Thank you for letting me vent. My main question is, when will I get those deposits? I'm pretty convinced this is Uber's way of getting me to order that stupid Wal-Mart card. Just, no.

Any insight would be awesome. Minus responses involving how awesome Go Bank is and ask my bank. I used to work for my bank.


----------



## SurgeWarrior (Jun 18, 2016)

I used mine about an hour ago..was slow like 30 seconds but otherwise normal.


----------



## Savvy (Jun 19, 2017)

I uploaded a different debit card and it worked. But that's not my main account. As in, not my bill paying account. Maybe it's the universe telling me to move on...


----------



## Salah Deaibes (Jun 5, 2017)

Go bank is Uber and Goldman Sachs together it works in a second when you transfer a money from Uber


----------



## Savvy (Jun 19, 2017)

Salah Deaibes said:


> Go bank is Uber and Goldman Sachs together it works in a second when you transfer a money from Uber


I'm pretty sure Goldman Sachs hasn't stooped that low. They do have a product called GS Bank, not to be confused with the Wal-Mart "Go Bank" money card.


----------



## SurgeWarrior (Jun 18, 2016)

Savvy said:


> I'm pretty sure Goldman Sachs hasn't stooped that low. They do have a product called GS Bank, not to be confused with the Wal-Mart "Go Bank" money card.

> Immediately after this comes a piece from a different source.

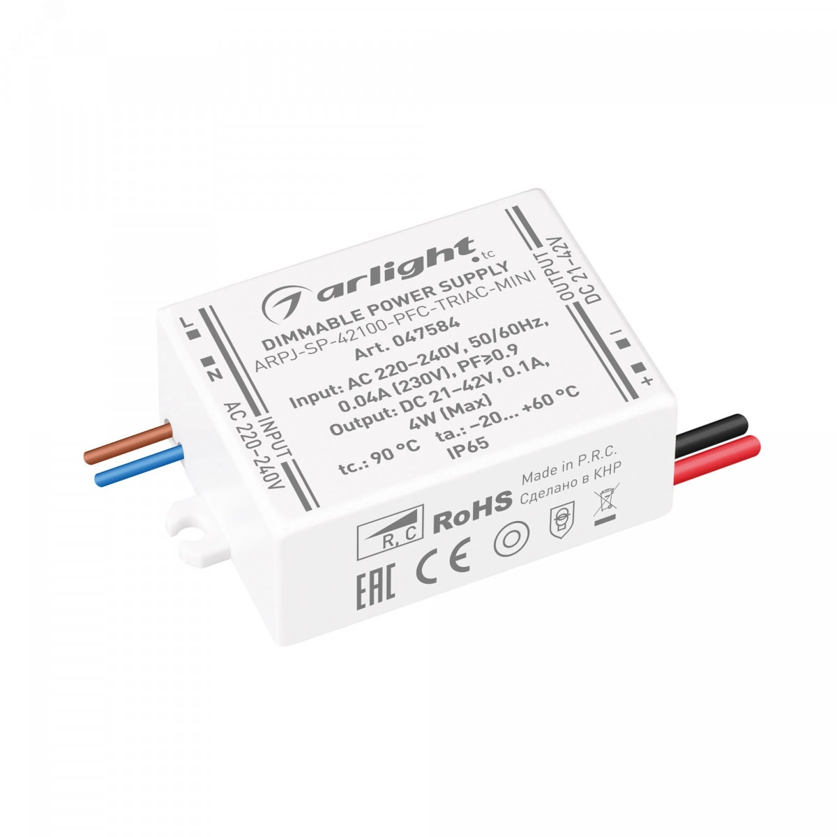 Блок питания ARPJ-SP-42100-PFC-TRIAC-MINI (4W, 21-42V, 100mA) (Arlight, IP65 Пластик, 5 лет)

What pisses me off is that the instant pay defaults back to Go Bank..just DOUBLE CHECK where the money is headed before you hit confirm.


----------



## Fuber in their faces (Feb 19, 2017)

Well i just had an instant pay deposit fail thru the uber debit card with goBank. They told me to make sure it doesnt happen again i need to upload a FOURTH debit card from a FOURTH financial institution. My response was "**** you that is your card you charge me extra if i dont use." Will let ya know what happens


----------



## Ubertimes (Apr 30, 2016)

Fails seem to occur 
From
2:30 am till 5am


----------



## Fuber in their faces (Feb 19, 2017)

This was at 930 pm last night


----------



## Dave2016 (Jul 16, 2017)

I used instant pay once ant took over 3 weeks and dozens of emails they said it was put on my debit card but that debit card is only connected to my checking acct and it wasn't there. Took screen shots of my statements and A lot of b's. B's. B's. From uber till I finally snapped on them and it was in the app the following day. 3 damn weeks. Instant pay my ass


----------